* _INFORMATION SUPPLIED_
══════════

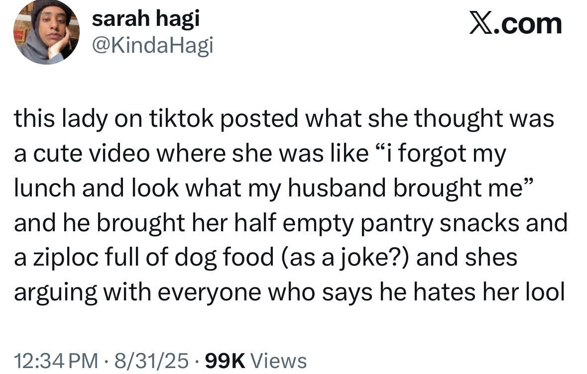 I don’t think he hates her! Sorry! Every argument that claims the woman with the packed lunch ignores the smoking gun of the whole thing: The Chipotle leftovers. Here’s what happened. The husband is asked to pack her a lunch on short notice because she forgot hers. He, in addition to a full meal, includes a bag of dog food as a joke. It’s hidden so she will find it last, after her nutritious lunch, a well-executed joke. Then he places the Chipotle leftovers on top. We never see how much is in the Chipotle leftovers, but I’ve never seen a woman of her stature come even close to finishing a Chipotle bowl in one sitting. There’s at least half a serving of Chipotle in there. That contains rice, beans, a protein, probably lettuce, and mild salsa. Maybe corn. MAYBE sour cream, but not likely. No cheese. That’s most of a complete meal. Of course, he could only judge by weight, and perhaps he felt it was not enough. I don’t think it’s a crime to put whole packages of food in an emergency lunch when you are unsure of how much Chipotle your wife has left. Would you rather be in a marriage where a man doles out how many cookies he thinks you should eat in a Ziploc bag or a marriage where he gives you the whole package to make sure you have as many as your heart desires? The dog food was to make her laugh, and it did! The Chipotle leftovers are fine in an emergency! The other snacks were to make sure she had enough to eat! I do not think the lack of Ziploc bags is indicative of a simmering hatefulness. In fact, I find the lack of them an expression of love. As for the dog food, she thought it was so funny, she made a video about it!
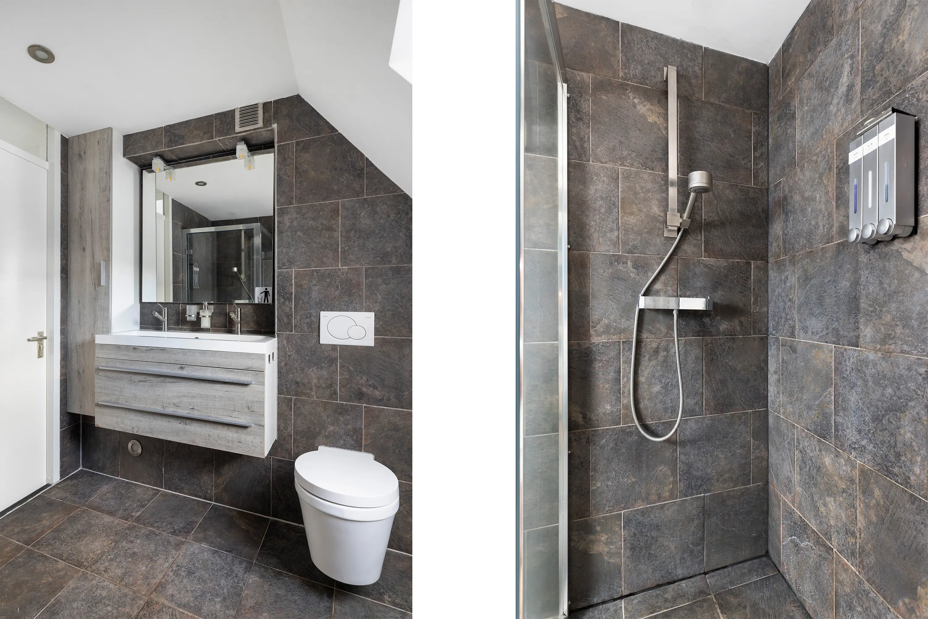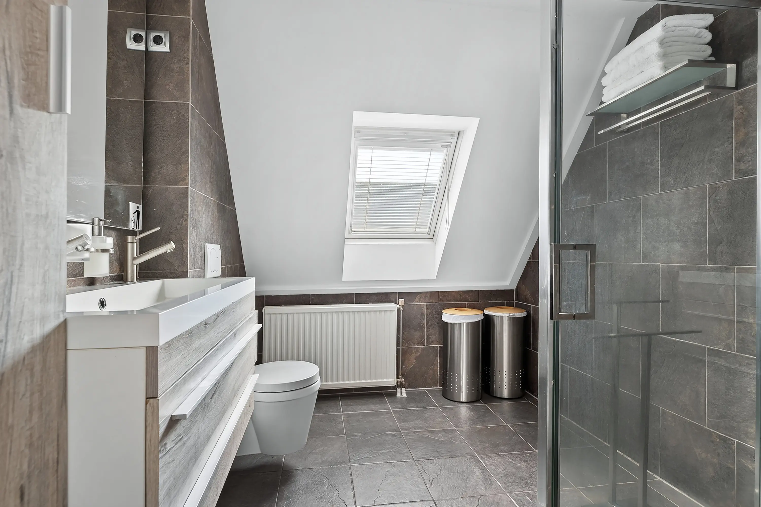 De badkamer is modern en compleet met een ruime inloopdouche met glazen douchewand, een dubbel wastafelmeubel met verlichting, een tweede hangend toilet en een Velux dakraam voor extra daglicht. De grijze betegeling geeft de ruimte een rustige en tijdloze uitstraling.
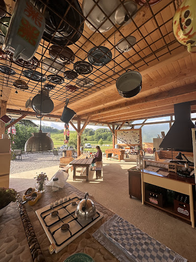 The shared bar/kitchen area had one really cool feature we hadn’t seen before: a self-service system. You grab drinks or snacks from the fridge or cupboards, write down what you took in a ledger with your name, and pay when you leave. The prices were reasonable too — not cheap, but fair for a campsite setup.
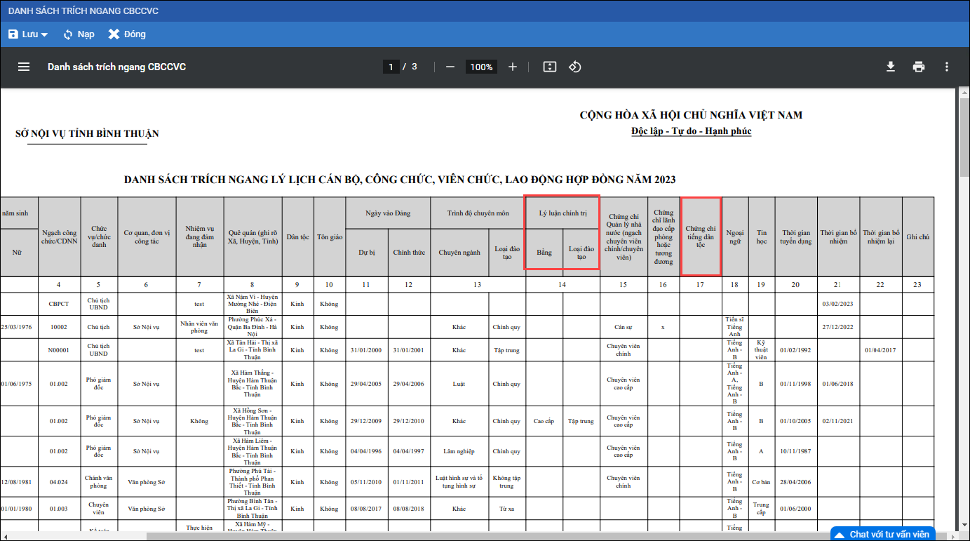 - Cán bộ tổ chức đơn vị có thể theo dõi thông tin Loại đào tạo lý luận chính trị trên danh sách trích ngang CBCCVC.

══════════

* _EXERCISE DETAILS_
Only the lines from the one containing "The shared bar/kitchen" through the end of the listing above should be reproduced, exactly as they stand. Leave the pictures out.

* _ANSWER TO THE PROBLEM_
 The shared bar/kitchen area had one really cool feature we hadn’t seen before: a self-service system. You grab drinks or snacks from the fridge or cupboards, write down what you took in a ledger with your name, and pay when you leave. The prices were reasonable too — not cheap, but fair for a campsite setup.
 - Cán bộ tổ chức đơn vị có thể theo dõi thông tin Loại đào tạo lý luận chính trị trên danh sách trích ngang CBCCVC.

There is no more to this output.